Starting at the line that contains "Картины на холсте" and stopping at the line that contains "3月7日,为及时掌握行业动态", transcribe every line of the material below exactly; pictures stay out.

Material for this exercise:
*** Begin section ***
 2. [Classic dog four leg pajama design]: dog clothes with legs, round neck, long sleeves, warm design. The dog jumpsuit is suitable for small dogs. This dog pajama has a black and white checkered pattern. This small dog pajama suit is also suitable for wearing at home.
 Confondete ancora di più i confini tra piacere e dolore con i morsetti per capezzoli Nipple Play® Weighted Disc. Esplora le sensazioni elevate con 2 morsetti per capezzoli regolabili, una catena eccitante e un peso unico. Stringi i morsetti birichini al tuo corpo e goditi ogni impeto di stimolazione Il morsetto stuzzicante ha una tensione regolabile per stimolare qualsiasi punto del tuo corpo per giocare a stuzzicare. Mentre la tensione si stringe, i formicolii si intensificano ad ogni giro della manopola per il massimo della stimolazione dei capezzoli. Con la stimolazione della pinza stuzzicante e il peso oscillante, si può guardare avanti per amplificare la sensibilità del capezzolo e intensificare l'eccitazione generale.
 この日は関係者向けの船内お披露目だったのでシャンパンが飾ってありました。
*** End section ***
*** Begin section ***
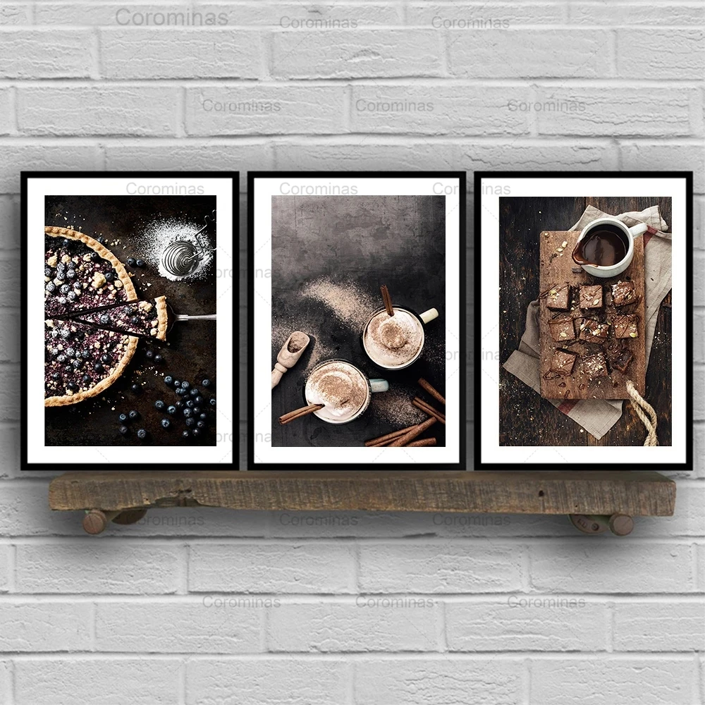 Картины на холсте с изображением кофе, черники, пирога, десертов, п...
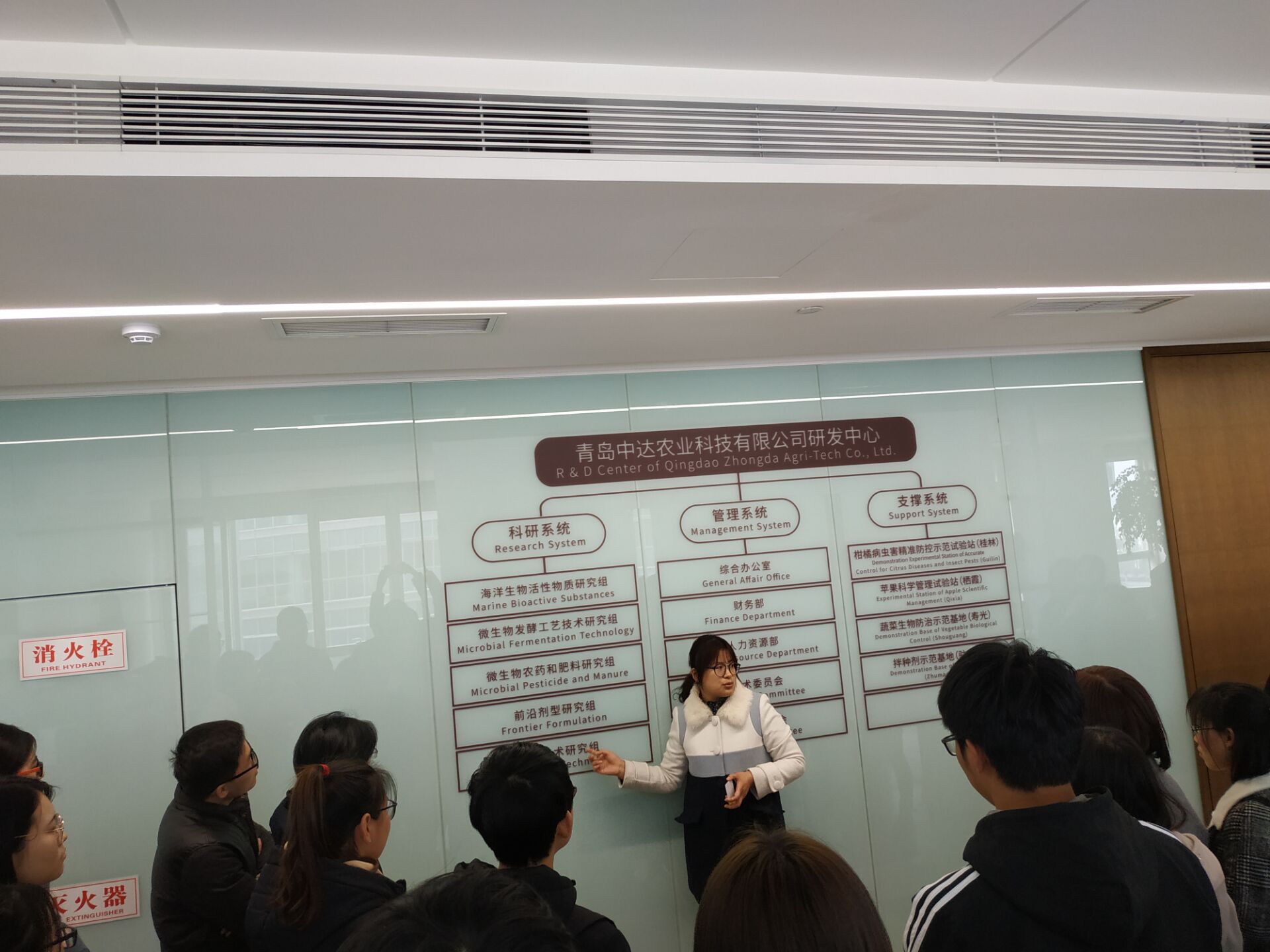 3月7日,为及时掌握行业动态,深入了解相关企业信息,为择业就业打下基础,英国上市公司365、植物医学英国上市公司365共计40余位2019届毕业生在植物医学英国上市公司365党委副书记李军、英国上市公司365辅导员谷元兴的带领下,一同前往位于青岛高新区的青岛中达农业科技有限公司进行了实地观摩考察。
*** End section ***
Result of this exercise:
 Картины на холсте с изображением кофе, черники, пирога, десертов, п...
 3月7日,为及时掌握行业动态,深入了解相关企业信息,为择业就业打下基础,英国上市公司365、植物医学英国上市公司365共计40余位2019届毕业生在植物医学英国上市公司365党委副书记李军、英国上市公司365辅导员谷元兴的带领下,一同前往位于青岛高新区的青岛中达农业科技有限公司进行了实地观摩考察。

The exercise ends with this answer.